So I knew I must defend it.
I looked round at the money—the plush, the carpet, all turkish red and blue, gold-framed pictures on brass chains on brass railings supported by fat gold brackets in the shape of fat gold flowers. A gold-tubed clock set between marble supports under a glass bell, on the chimney piece struck nine. ‘Oh the marsh is a really rich place,’ I said.
They were quiet.
‘We’re going to have our house ready soon,’ said Theo. ‘It’s on the way to being finished now. It’s for us all to get lots of healthy sea-breezes in the summer.’

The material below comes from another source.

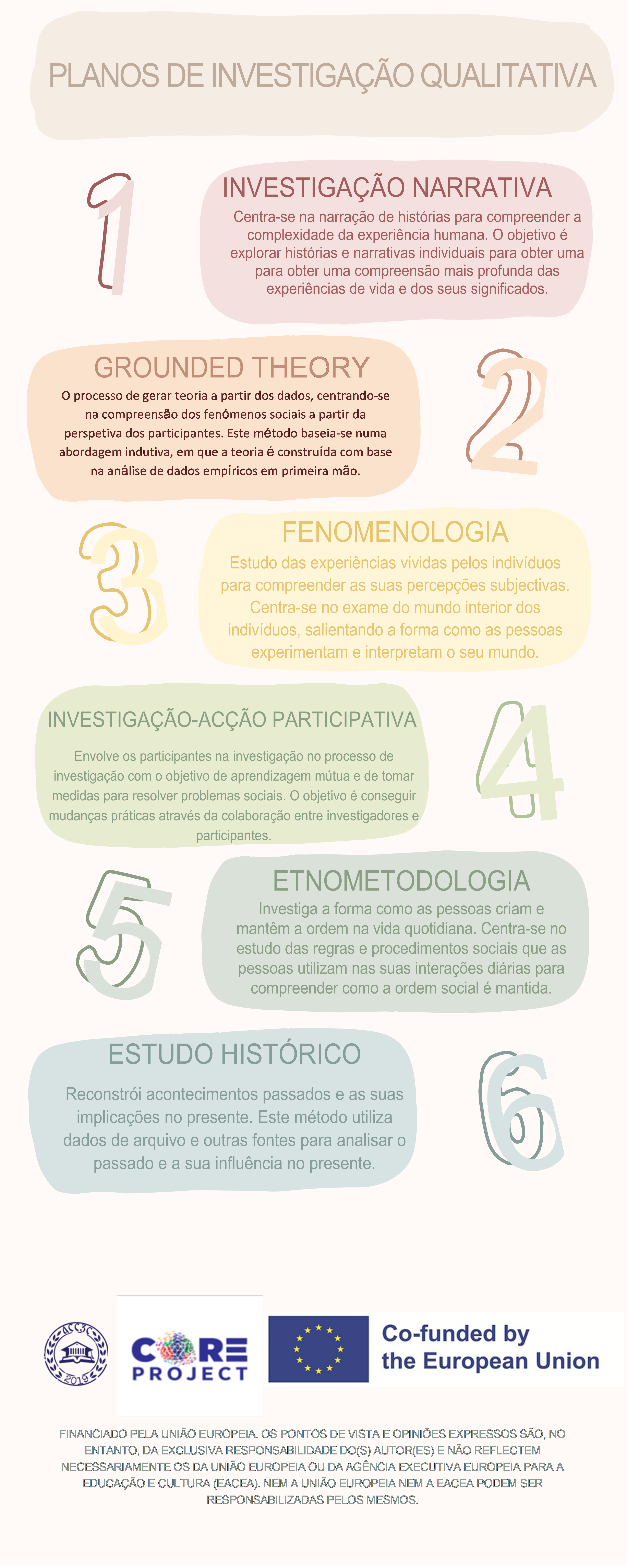 Alguns dos desenhos de pesquisa qualitativa mais comuns incluem: pesquisa narrativa, teoria fundamentada, fenomenologia, pesquisa-ação participativa (PAR), etnometodologia, e estudo histórico.
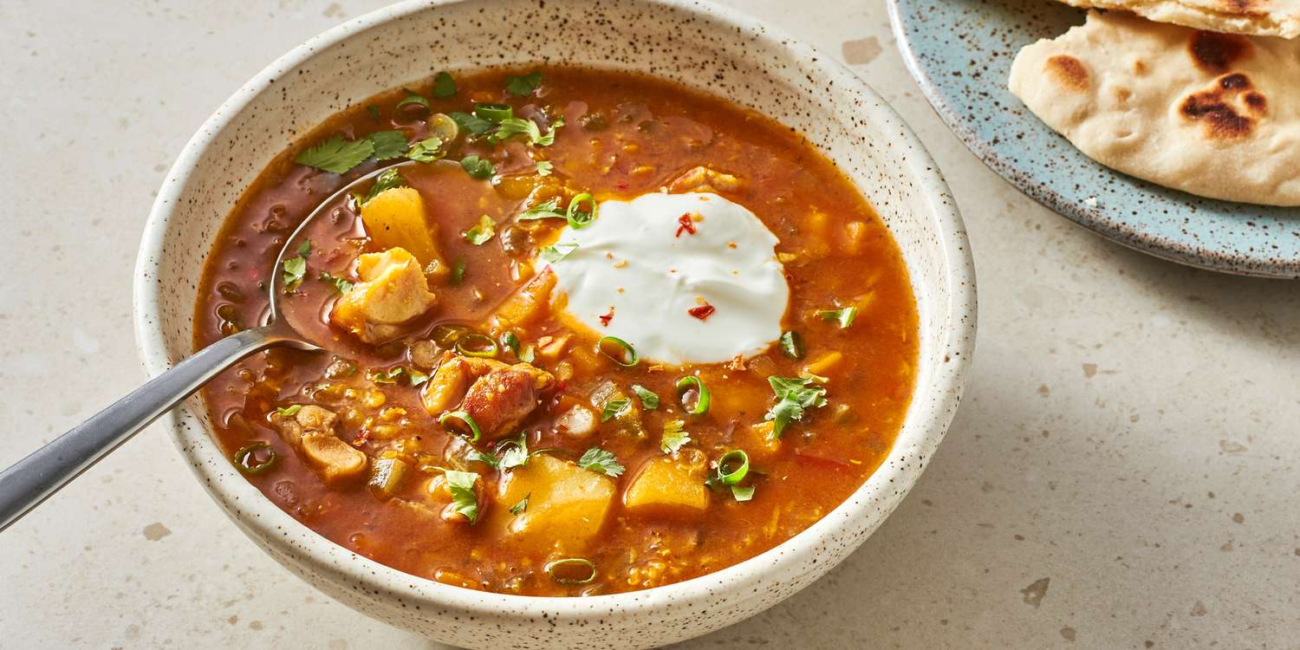It is a spiced soup made with lentils, vegetables, and sometimes chicken, known for its rich texture and warming flavors.

‘Yes, I know. It doesn’t seem to be getting on very fast.’
‘It’s been Mamma’s plaything for years. She keeps changing all the plans. She thinks Father ought to have somewhere healthy to go to not so far from the Works as Germany—which is where he is now, and very often. At the Spa. The Works are only across the estuary.’
‘The Works are getting nearer all the time,’ I said, ‘and the smoke’s nearer too.’
‘We shall be neighbours,’ he said. ‘Next year the plan is that we shall be there for ages—all the summer.’
‘It’s all astonishing,’ said Paul Treece, stretching for fresh toast. He took a great many small bites at it, examining the shape of each and then took a great many quick little sips of coffee. ‘I know nothing about any of all this. Nothing.’
The brother and sister collapsed again.
‘The dear old Poultice,’ said Theo. ‘You know he’s a genius, Polly Flint? Writes the most amazing stuff. So I’m told. Publishes it in the greenery-yallery magazines. He’s supposed to be like whatsisname, the famous one.’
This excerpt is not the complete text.